Although the accuracy for the 2020 data is not as accurate as 2019, we can see that Liberty Light Rail appears very frequently in this output. This matched our previous analysis on the generic popular stations.

This predictive model helps us expand upon our previous analysis and actually see what times of day and which months the stations are more popular. It helps us gain a much better understanding of the data for each year, and together with our prior analysis helps us to understand the difference between ridership in 2019 and 2020.


Conclusion

From our analysis, we have uncovered a few changes from the Citi bike rides from 2019 and in 2020. Firstly, we notice that ridership dipped after the statewide shutdown in New York, and rose again after reopening phases. We also were able to visualize the changing concentrations of stations traffic from 2019 to 2020 from our timed heatmap. From other map plots, we were able to see how in 2020, most popular stations were closer to parks and most popular trips consisted of many more loops, which may allude to more “joyrides” or rides taken for leisure or fun.

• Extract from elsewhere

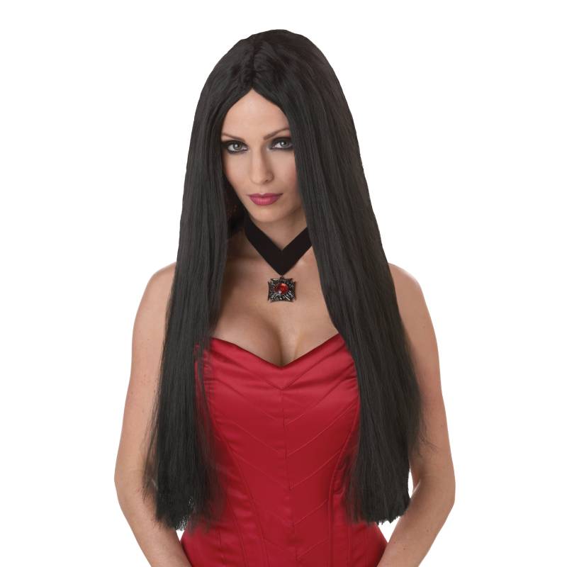 Long Flowing Black Morticia Addams Wig. According to Charles Addams himself, Morticia is “the real head of the family … low-voiced, incisive and subtle, smiles are rare…ruined beauty … contemptuous and original and with fierce family loyalty … even in disposition, muted, witty, sometimes deadly …”. Wear this wig for other costumes as well. Buy this for Halloween, drag, plays, cosplay, theatrical productions, and themed parties throughout the year.

Most importantly, we saw some differences in our predictions of the most popular start station at a given time of day and month of year. This information can be leveraged, especially when it comes to public safety. More hand sanitizing stations can be placed at more popular stations, and bike sanitization times for each station can be set to be around the times where that station was the most popular. This can decrease the germs spread and decrease the number of people that are exposed to previous rider’s germs. Some other uses of these predictions could be redistributing bikes so that most popular stations have sufficient bikes at the times of day they are needed most, or perhaps bikes can be removed from the least popular stations at a certain month and time. The applications of this analysis truly lie in understanding the changing dynamics of bike ridership, resource allocation, bike sanitization, and public safety. In the face of COVID-19, public points of contact are sources of possible spread of the virus, and this data can help minimize the risk associated with those sources.